Missing values in the `age` and `month` columns are identified and handled appropriately. In the `pdays` column, missing values are replaced with NaN.
Duplicate records based on `age` and `response` columns are identified.
Outliers in numerical variables like `age`, `salary`, and `balance` are analyzed using boxplots and quantiles.
The 'duration' variable is standardized to ensure uniformity.
Univariate analysis explores categorical features like `marital`, `job`, `education`, `poutcome`, and the target variable `response`. Visualizations such as bar plots and pie charts provide insights.

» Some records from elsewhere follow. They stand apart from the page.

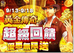 角子共玩這次為了要歡慶「黃金傳奇」上線,9/13~9/17特地開放全等級玩家遊玩這款作品,讓大家有機會一起參與贏分比賽,人人都有機會可以贏分拿大獎!
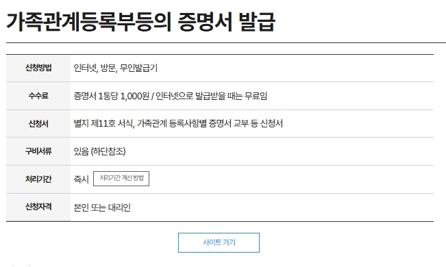 가족관계증명서 인터넷 발급 절차
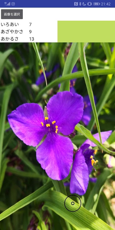 画像を選択し、色を知りたい場所をタップすると、「あつまれどうぶつの森」のマイデザインでの色選択スライダー位置(左から)に変換して表示します。
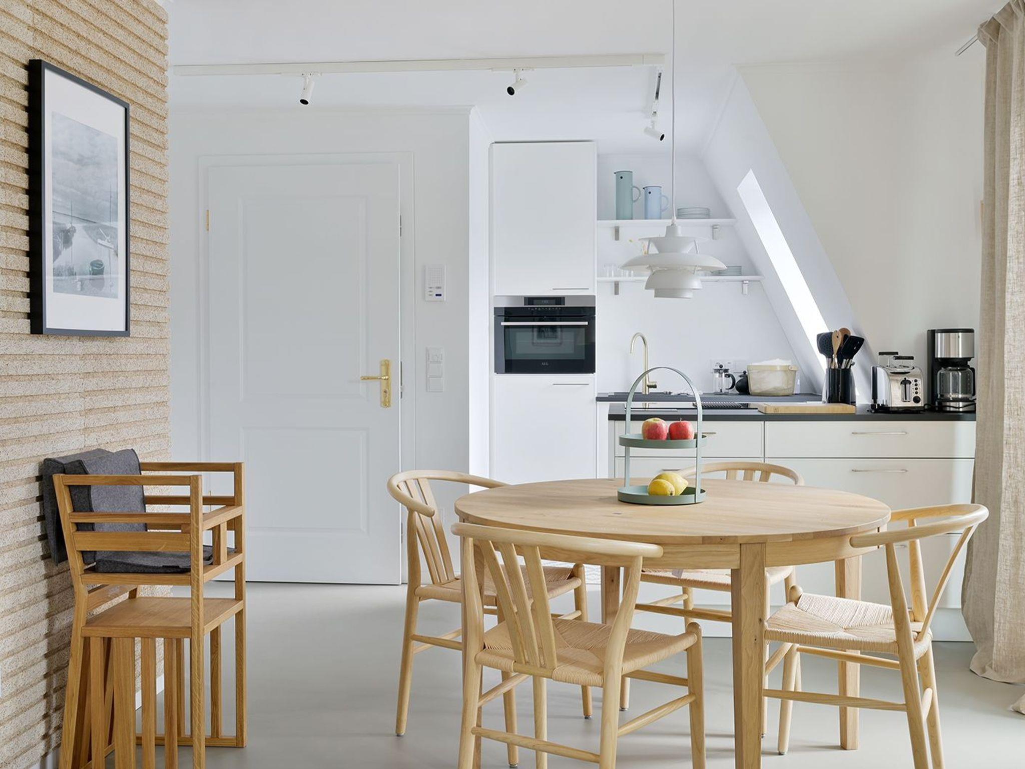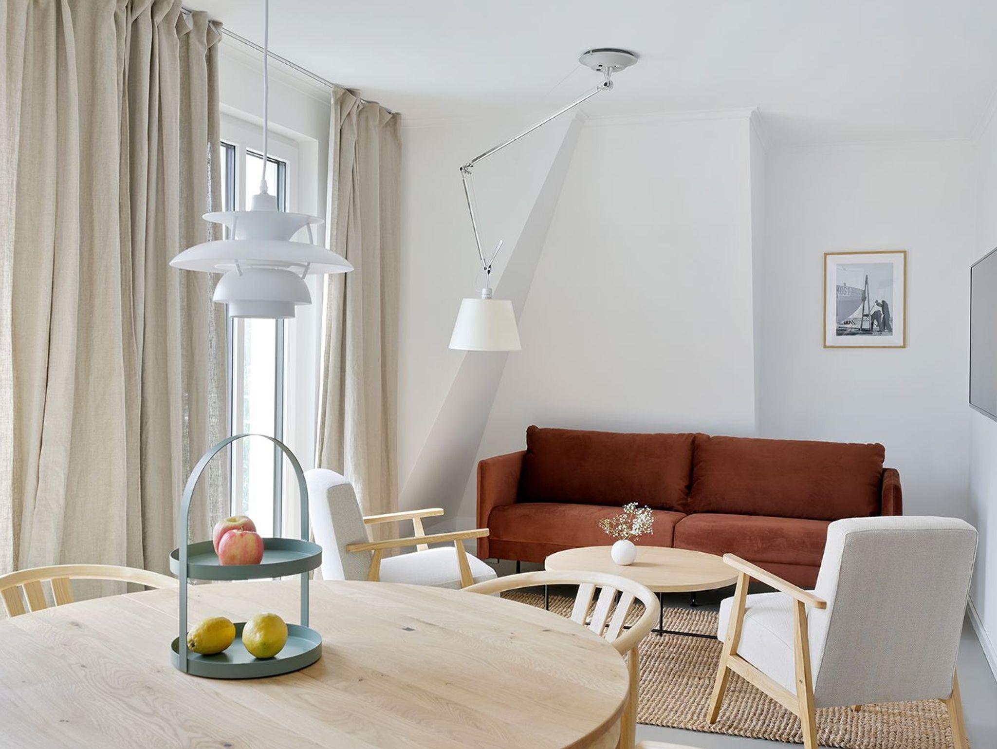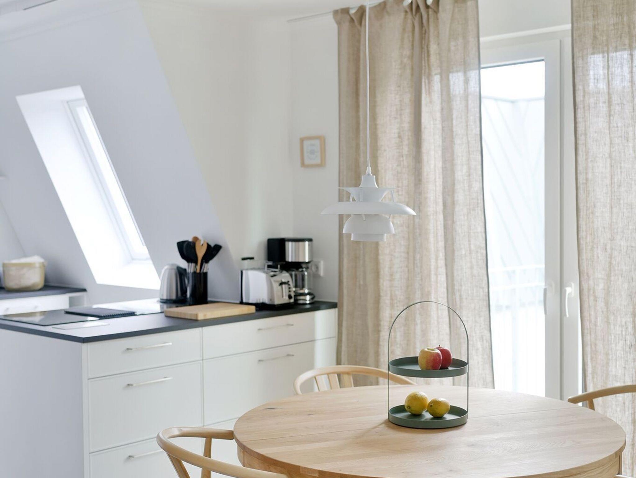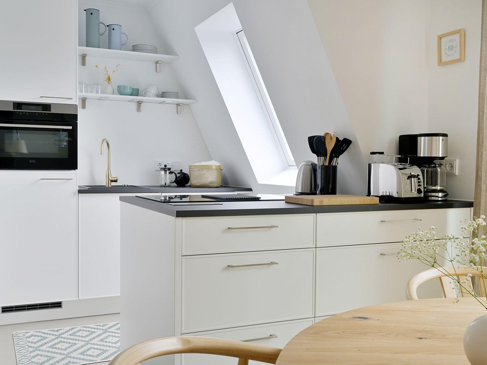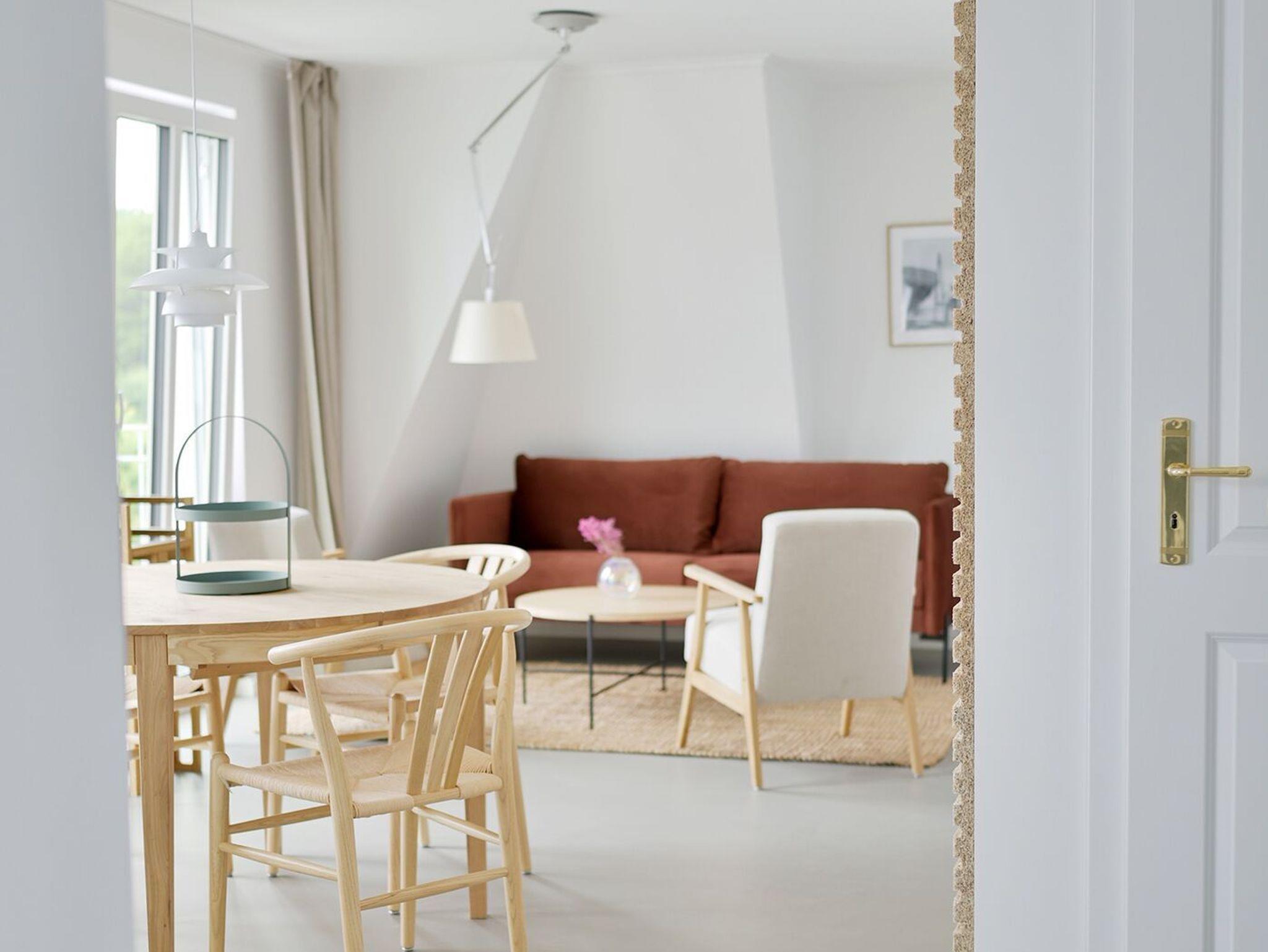 Die lichtdurchflutete 3-Zimmerwohnung des vorderen Apartmenthauses bietet mit einer Fläche von 46 m² Aufenthaltsmöglichkeiten für 2-4 Personen. Eine offene, vollausgestattete Küche schafft hohe Transparenz zum Wohnraum und lädt zu gemeinsamer Zeit ein. Die Einrichtung der Wohnung fokussiert sich auf ein modernes und gleichzeitig gemütliches Interieur.
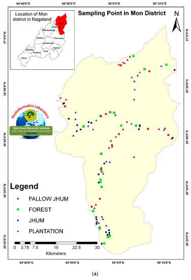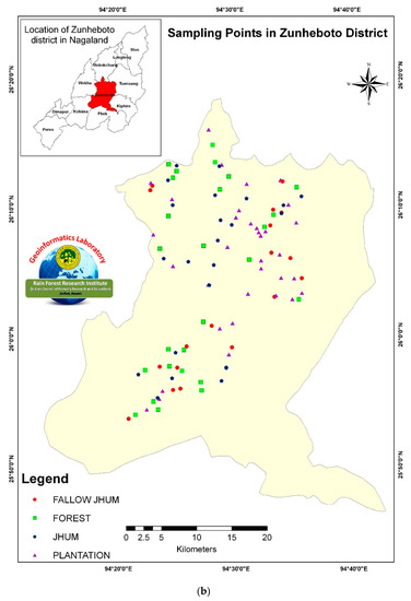 The northeast (NE) region of India is a biodiversity hotspot and is rich in flora and fauna [9]. Its physiographic position, with a favorable climate and healthy soils, provides suitable conditions for a luxuriant forest growth [10] that is typical of tropical areas, and for having a high biological richness, even on the steep slopes that characterize the region [11]. Forestry is the major land use pattern and covers around 65% of the geographical area in NE India, followed by agricultural land use (16%) [12]. About 86% of the total cultivated area of NE India is under jhum, also known as shifting cultivation, mainly practiced in the hilly areas [13,14]. Currently, jhum cultivation is practiced in 1.47 million ha of the area and serve as a major source of livelihood for 4.44 lakh (1 lakh is equal to one hundred thousand) jhumia families [15]. Jhum cultivation has evolved over millennia, through the knowledge of local peoples to manage the natural resources as a practice to cultivate crops or crop mixtures for household consumption for a couple of years, after slashing and burning a part of forest vegetation, without external inputs of nutrients and adopting minimum tillage operations. Jhum cultivation is also known to aggravate the issues related to soil health degradation, soil organic carbon (SOC) depletion and soil loss by erosion [16,17], due to continuous changes in land use from forest to jhum, jhum to fallow and secondary forest or jhum to plantations [17]. Other important land use changes in NE are the conversion of forests to plantations with profitable cash crops such as tea and rubber [18]. There are number of studies in Nagaland addressing various issues such as the relationship between tree diversity and soil properties [19], the assessment of soil quality in different land uses [20,21,22], the estimation of SOC stocks under different land uses [23], SOC stock mapping at the state level [24] and the dynamics of SOC under jhum and forests using the RothC model [25].
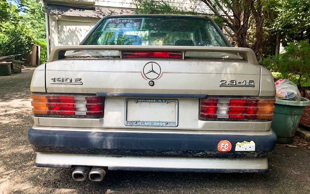 From Francis In Douglaston – I grew up in Jamaica Estates Queens, New York and I remember when my friends neighbor brought this exact car home. The owner let us come over to see the car and took the time to explain the difference to us from the standard 190E, being a 10-year-old boy interested in cars, I fell in love with it and always wanted it. He recently put it up for sale and when I called him about it he was asking a very high price. And unfortunately, there was no discount for remembering when he brought the car home and my yearning for it all these years. I can say the car was always outside and recently covered with a tarp for a few years. In reading about Jeff’s dealing with one of these Mercs and him saying these cars rot from the inside out I passed on buying it. Ironically, I finally have a two-car garage and the space to work on it, but I can’t justify it. Having 3 kids and a minivan you would think I could treat myself to this particular car! Hopefully, a fellow reader can at least save it.

Bivariate analysis examines relationships between variables, including numerical-numerical, categorical-numerical, and categorical-categorical relationships. Correlation analysis, boxplots, and heatmaps are used to visualize these relationships.
This data analysis project provides a comprehensive exploration of the bank dataset, covering data cleaning, missing value handling, outlier detection, and various visualizations. The findings and insights gained from this analysis can be valuable for making informed decisions and building predictive models.
Contributions to this project are welcome. If you have suggestions, improvements, or additional analyses to add, please feel free to contribute.
This project is licensed under the MIT License - see the [LICENSE.md](LICENSE.md) file for details.